■ Task to complete:
Give again, word for word, only the lines of the material below from its first line through the one that holds "Dale Robertson and"; pictures stay out.

■ Material shown:
• • • •

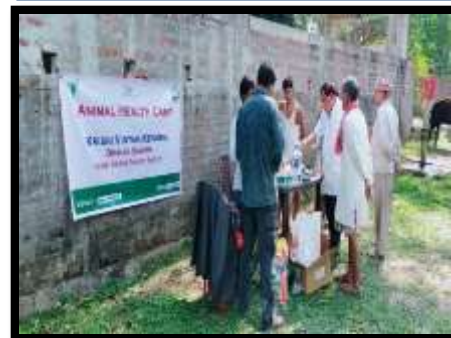
Animal Health Camp
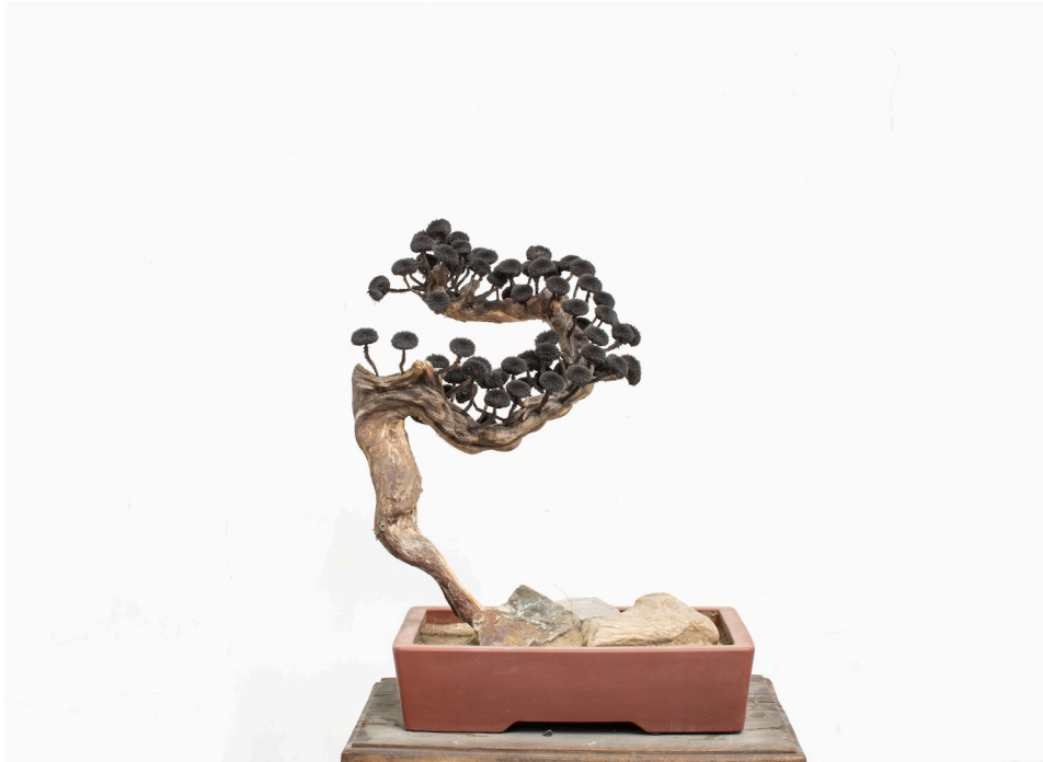
Bonsai / 2016 / Iron dust, magnet, iron nail, wood branch / 50 x 43 x 39 cm
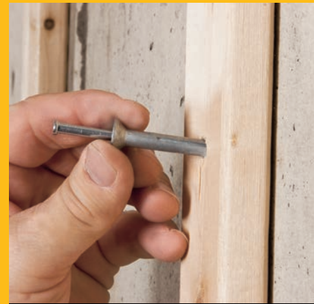
> Furring strips
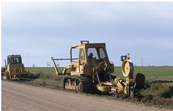
Dale Robertson and his crew are seen plowing in fiber optic cable during XIT's construction project

Existing copper infrastructure will be utilized for deployment of new copper based VDSL2 equipment in the towns of Dalhart and Stratford. New fiber will be constructed to support FTTP in areas immediately surrounding Dalhart and Stratford. The buried plant will consist of fiber optic cables placed at a minimum depth of 42 inches below the surface in most areas primarily along previously disturbed existing Rights-of-Way, established streets, roadways or travel routes. This construction requires a trench, placing the appropriate sized cables, backfilling and compacting to restore the ground to its original condition. An alternate method, used when applicable, is the plowing of the cable with a ripper attachment which opens a narrow slot, inserts the cable and covers in one operation. This is useful in areas where rock contents are minimal and construction paths are free of obstructions. If concrete or paving is required to be cut, it is restored as appropriate. In most cases, a bore will be made under these type obstructions. The cable will then be pulled through the bore leaving only a minimal surface disturbance. Every effort is made to minimize environmental damage during the construction phase. Customers served by Fiber-to-the-Premise will require a new typical fiber service drop consisting of a buried fiber service drop and either a fiber termination box (NID), located on the exterior of the building, or a cable entrance to a designated interior termination room.

• • • •

■ Task result:
Animal Health Camp
Bonsai / 2016 / Iron dust, magnet, iron nail, wood branch / 50 x 43 x 39 cm
> Furring strips
Dale Robertson and his crew are seen plowing in fiber optic cable during XIT's construction project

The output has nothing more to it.